** Opening RECORDS TO PROCESS block **
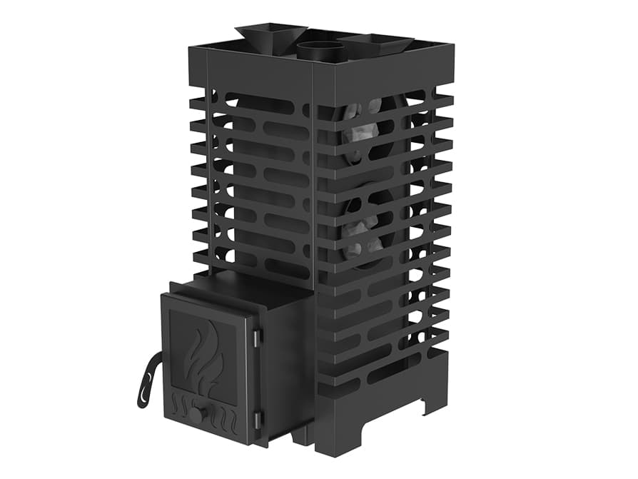 Стальной кожух-конвектор значительно ускоряет нагревание воздуха в парилке за счет образуемого им мощного воздушного потока.
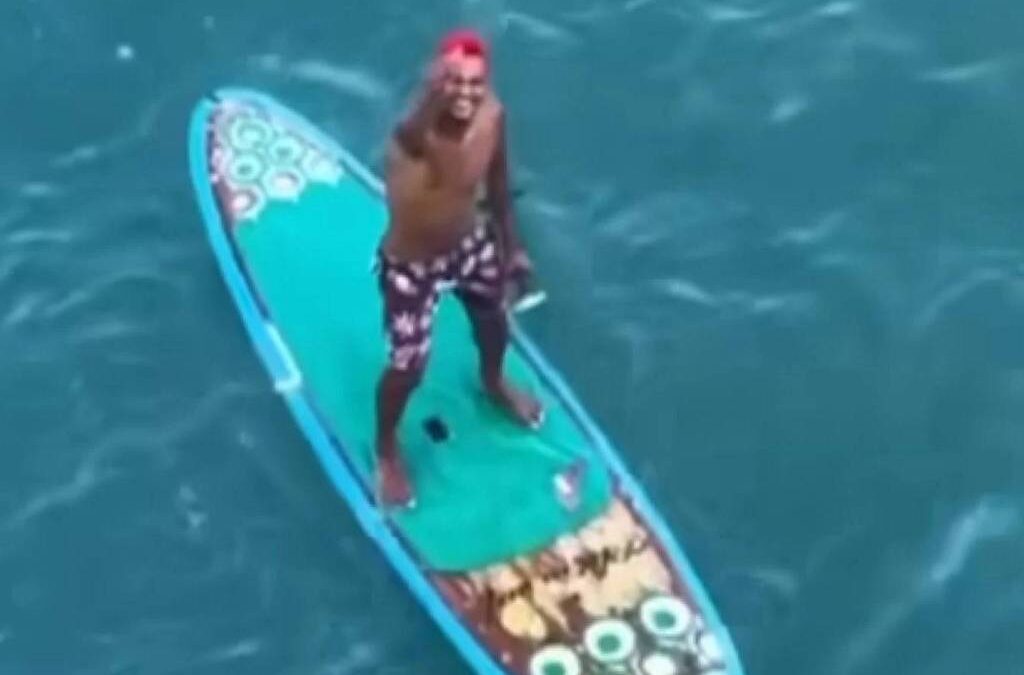 Homem usa prancha para nadar até cruzeiro Neymar; jogador não foi saudá-lo
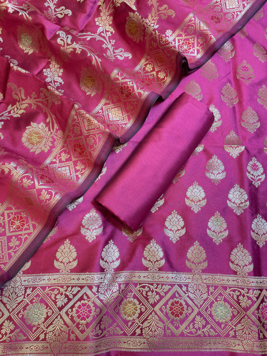Magenta Semi Silk Alfi Mina Zari Booti Minakari Banarasi Suit 1000AJ_SSLK2
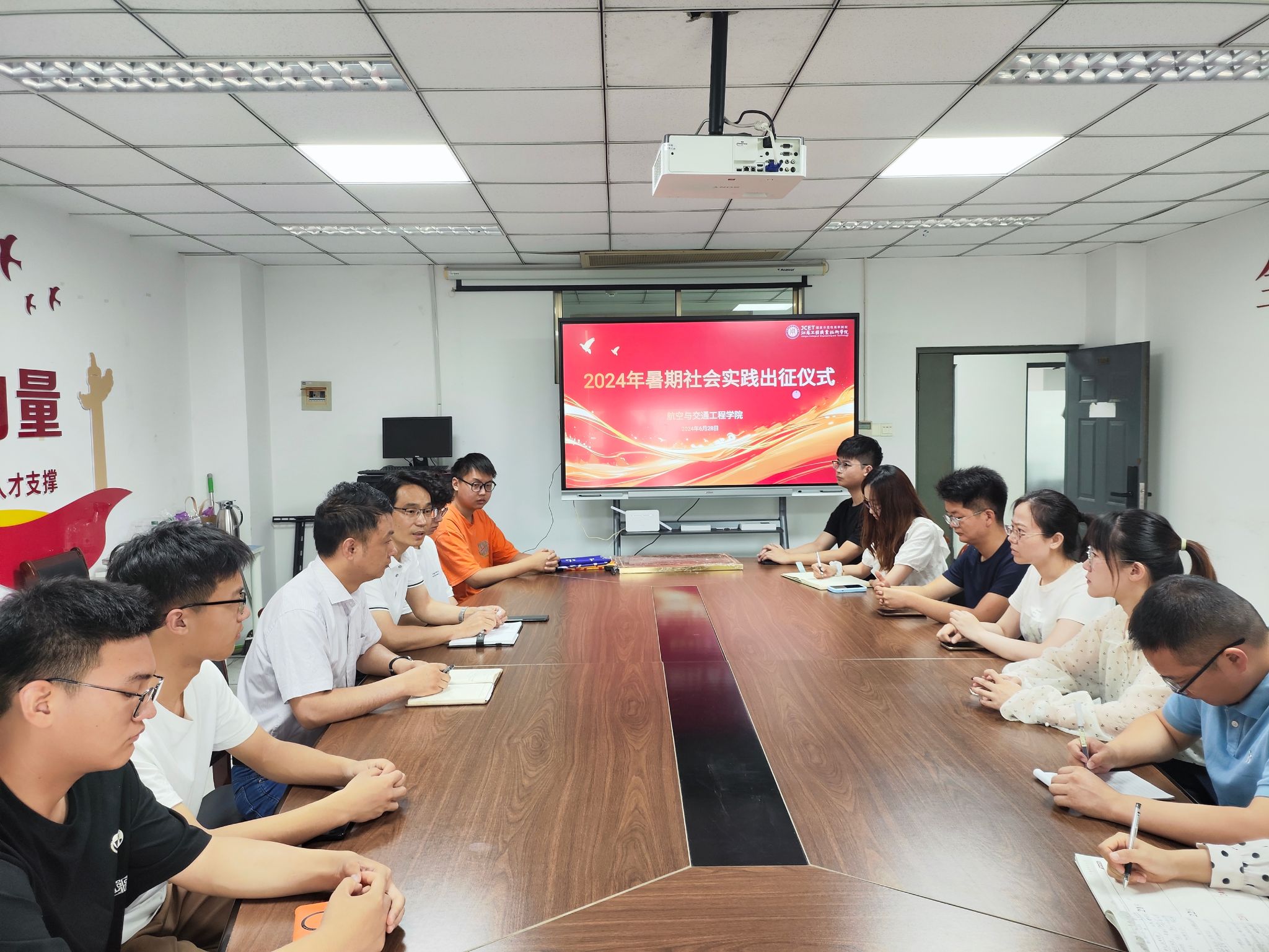 6月28日,航空与交通工程学院在强毅楼11楼会议室举行2024年暑期“三下乡”社会实践出征仪式,航空与交通学院党总支书记曹钰、副书记陈益飞、暑期社会实践各团队指导老师和学生代表参加了本次活动。
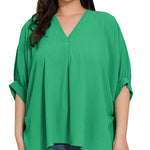 Curvy Kelly Green V-neck Puff Half Sleeve
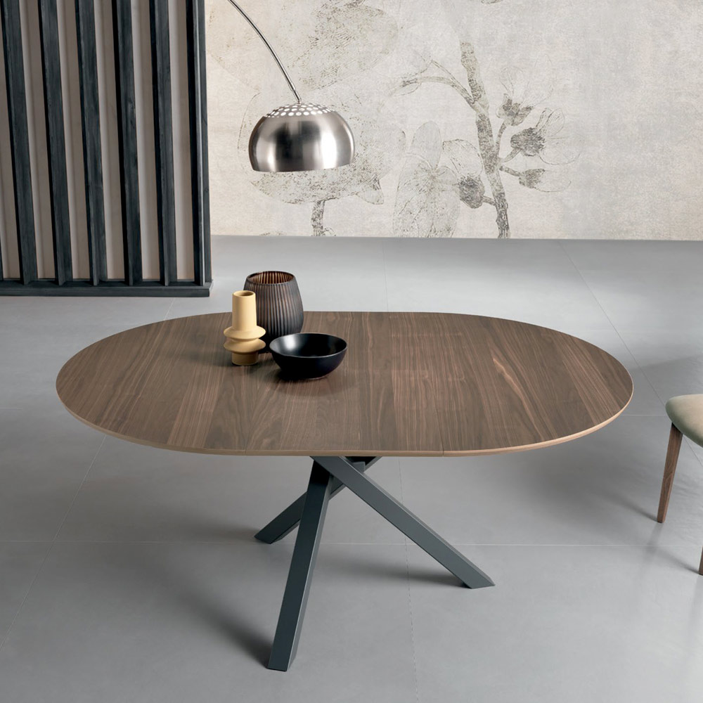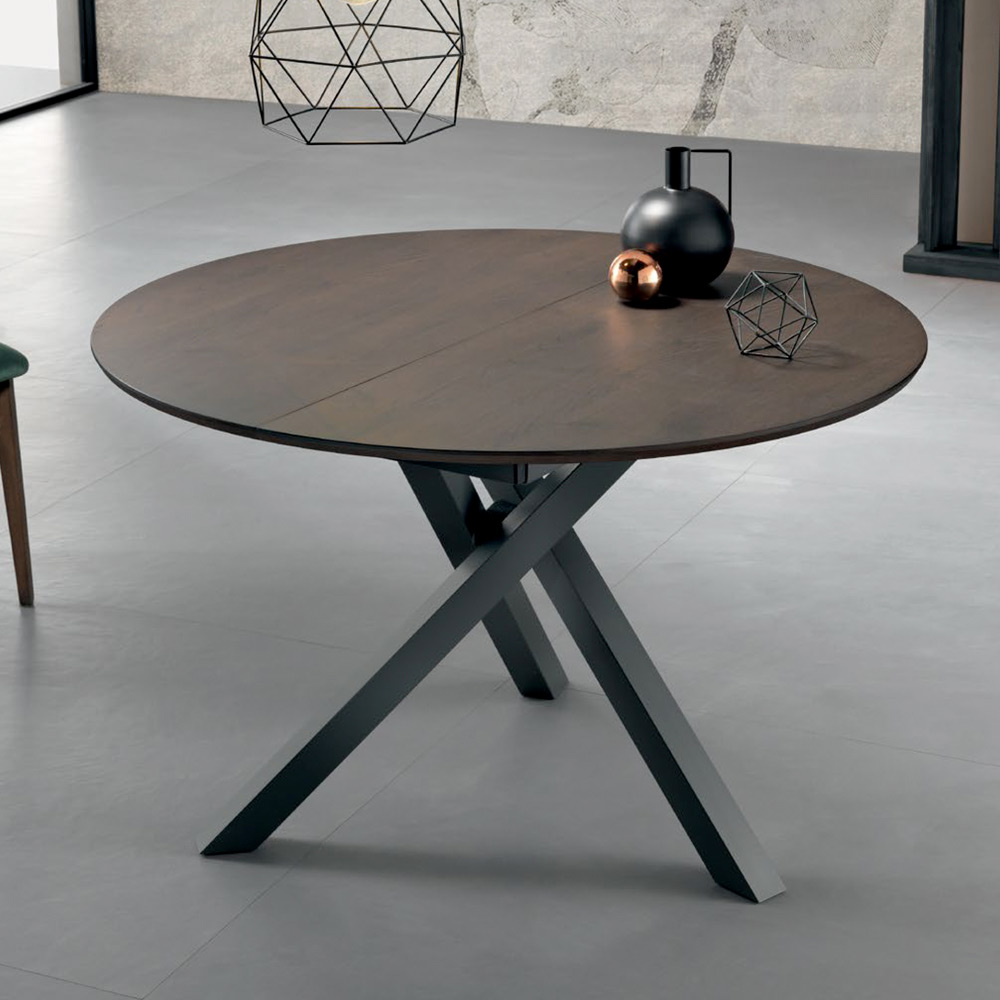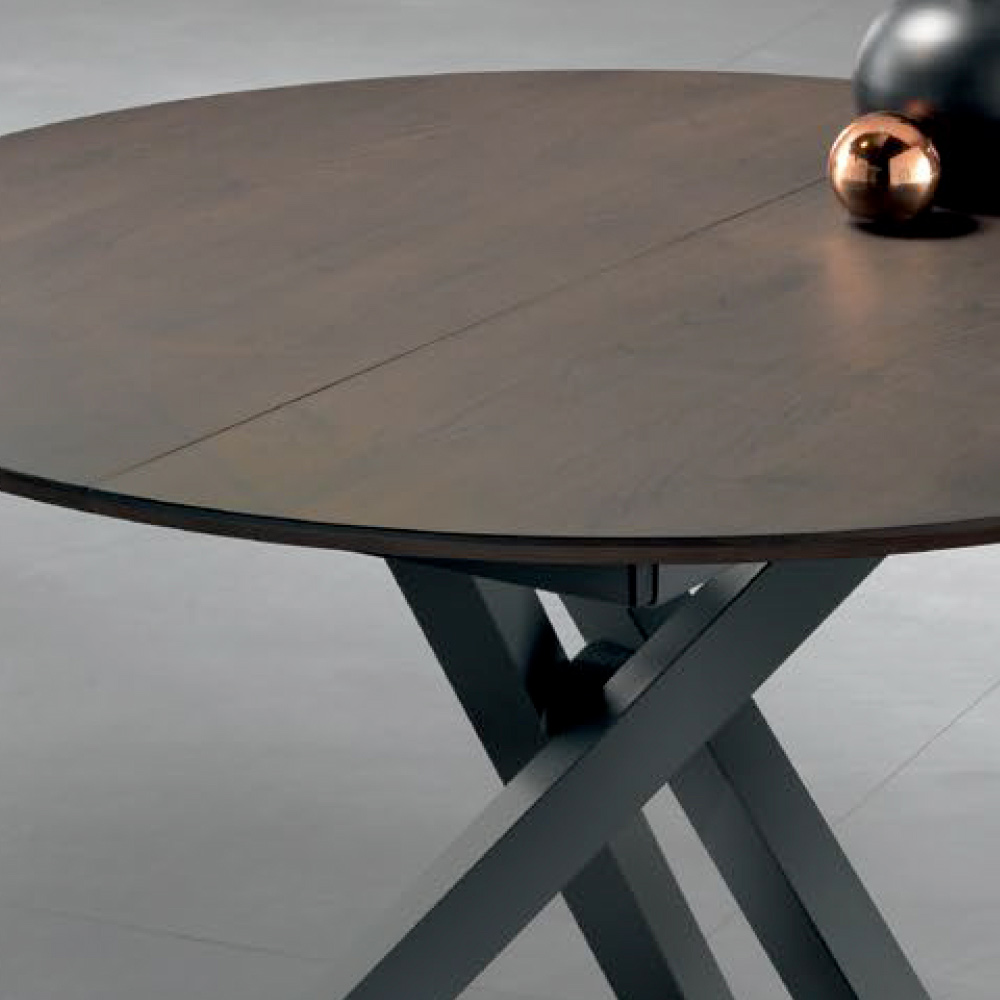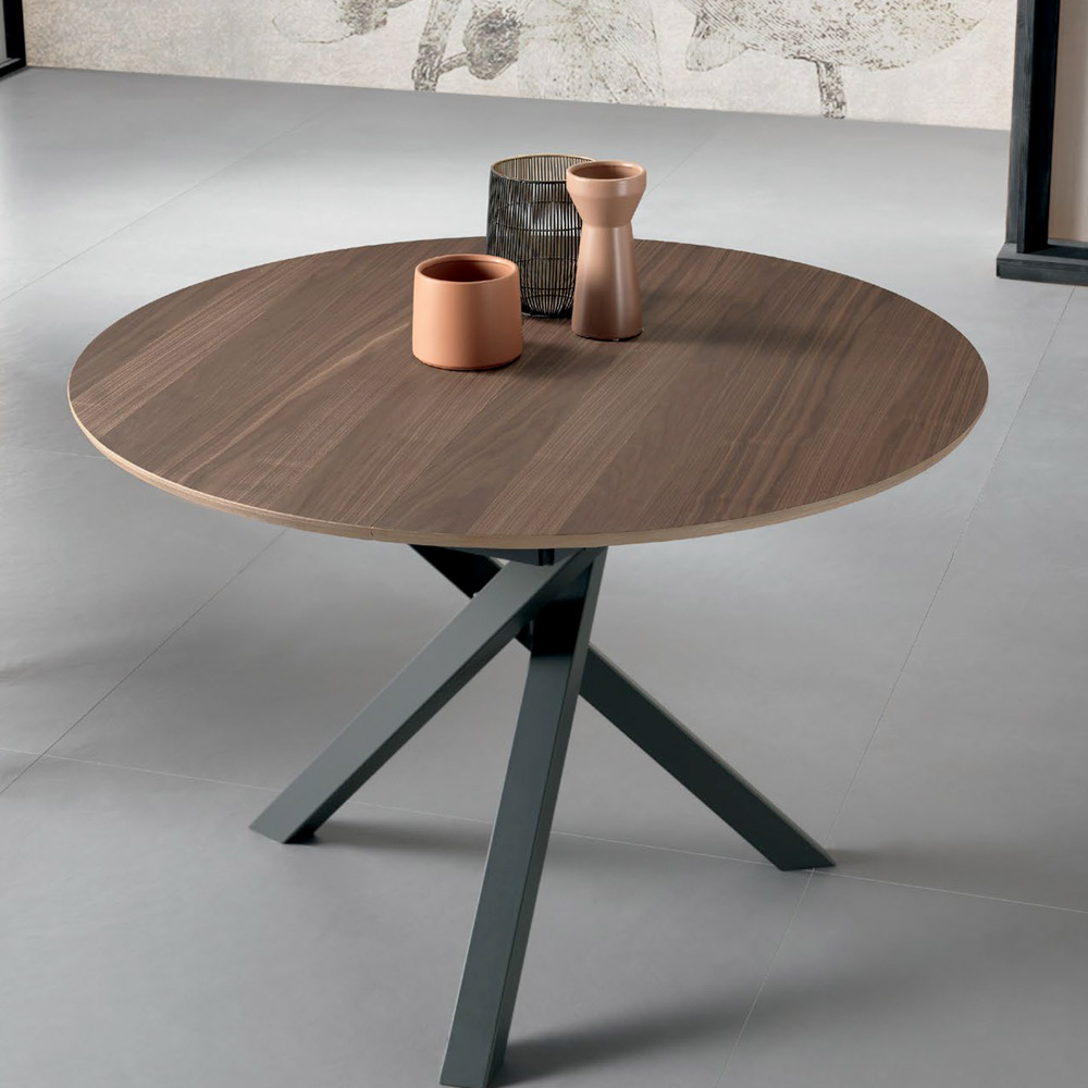 Tavolo rotondo diametro 120 cm allungabile a 170 cm con piano impiallacciato in noce canaletto sp. 20 mm, profilo inclinato.
** Closing RECORDS TO PROCESS block **
WHAT TO WORK ON:
Nothing but the lines from the one that contains "Curvy Kelly Green V-neck Puff Half Sleeve" through the last line of the records belongs in the answer, reproduced exactly, with no pictures.

RESPONSE TO THIS TASK:
 Curvy Kelly Green V-neck Puff Half Sleeve
 Tavolo rotondo diametro 120 cm allungabile a 170 cm con piano impiallacciato in noce canaletto sp. 20 mm, profilo inclinato.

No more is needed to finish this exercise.